The accuracy of 201Tl SPECT for assessing regional myocardial perfusion, that is, coronary artery disease, is well known, and its diagnostic and prognostic values are well established (1–3). However, SPECT may be associated with significant artifacts, and its accuracy can be limited by errors in data acquisition or image processing (4–7). Thus, daily quality control of gamma cameras is required to detect and prevent at least some of the artifacts, such as those caused by nonuniformity of detectors, center rotation errors, and misaligned camera heads (4–7)
Other types of artifacts, such as those resulting from motion of the patient or heart during tomographic acquisition, are unpredictable. The most frequent cause of these artifacts is voluntary or involuntary patient movement, which must be differentiated from vertical continuous motion of the heart during poststress acquisition—the so-called upward creep of the heart. This phenomenon was first described by Friedman at al. (8). Heart motion can be detected by careful image inspection in cine mode; the movement of even 1 pixel can provoke reconstruction errors and create artifacts that resemble anterior and posterior perfusion defects (4–6).

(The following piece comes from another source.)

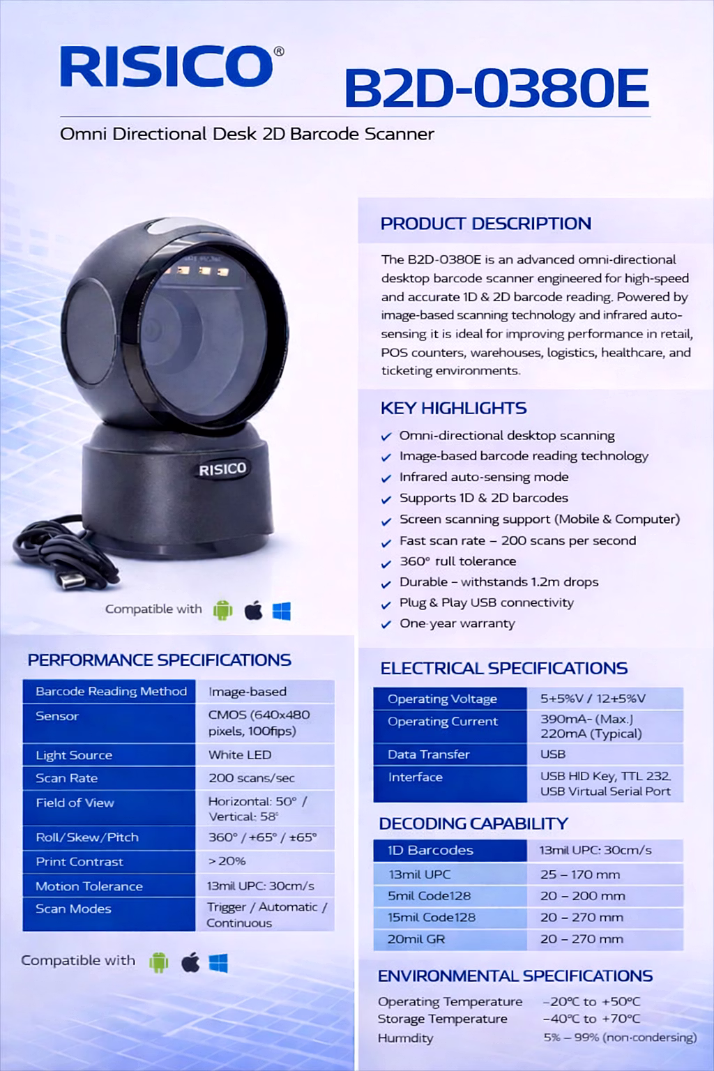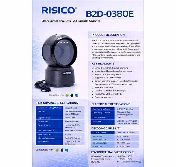 Experience reliable and efficient scanning performance with the Risico B2D O380 Barcode Scanner. Designed for durability, this scanner is a valuable addition to any retail or warehouse environment.

Today, multidetector SPECT systems are used in most nuclear medicine departments. Although dual- or triple-head gamma cameras present more quality control problems, their use shortens the acquisition and, as a result, reduces the risk of patient movement and consequent artifacts.

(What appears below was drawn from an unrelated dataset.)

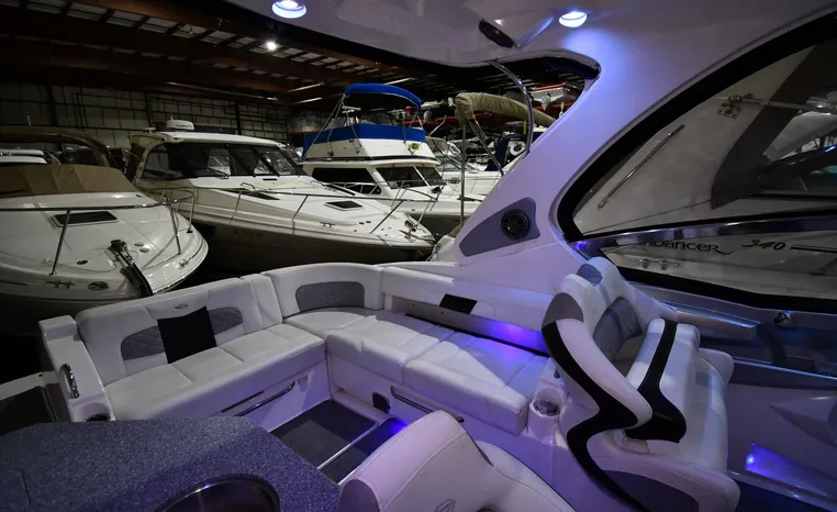 Freshwater since new this vessel features Twin MerCruiser 350-Mag 300-hp Gas Engine's (Note DTS w/Joy-Stick Piloting) with Bravo III Sterndrives and only 400 original hours. Notable features include but are not limited to the following: Air-Conditioning & Heat (1-Unit), Head (Vacuflush) w/Vanity/Sink, Windlass Anchor w/Polished Stainless-Steel Anchor / Forward Pedal-Controls, Westerbeke 5kw Generator, Garmin GPSMAP 942XS (Color / TouchScreen) GPS/Chartplotter, Fusion Apollo Premium Sound System w/Bluetooth (w/AMP / Subwoofer), Cockpit Wet Bar w/Sink/Beverage-Refrigerator, Cockpit Television, and MUCH more!

For some time, we have been using a dual-head gamma camera for 201Tl myocardial SPECT with a standard protocol for data acquisition (the same protocol was applied previously to single-head gamma cameras), and we have been surprised by the increased number of false-positive findings. Although a previous study (9) reported that the incidence of false perfusion abnormalities was higher when dual-head gamma cameras were used, we wondered whether our gamma camera was malfunctioning or whether our acquisition protocol was inadequate.
Careful analysis of acquisition data showed, in some patients after exercise stress, a sudden increase in the counting rate between heart regions on the 16th and 17th frames (which correspond to passage from the first to the second detector). This phenomenon did not appear in these patients at rest (Fig. 1). The aim of our study was to determine whether this leap in activity was caused by patient movement, acquisition, or other errors.
Short-axis (A) and vertical long-axis (B) images from same patient after exercise stress. Artificial perfusion defect was present on images obtained 5 min after 201Tl injection (top) and disappeared on images obtained 13 min after injection (middle). This phenomenon never appeared at rest (bottom). Activity leap in heart region between 16th and 17th frames was 15%.
MATERIALS AND METHODS
Data Acquisition
For the first phase of the investigation, 110 consecutive patients in whom no motion was detected during either poststress or rest imaging were studied. The clinical characteristics of the study population are presented in Table 1. For poststress imaging, the patients were divided into 3 groups. Data acquisition began approximately 5 min after injection in group 1 (38 patients) and approximately 14 min after injection in group 2 (43 patients). In group 3 (29 patients), imaging was performed twice—at approximately 5 and 20 min after injection. For rest imaging, data acquisition began approximately 18 min after injection in all patients.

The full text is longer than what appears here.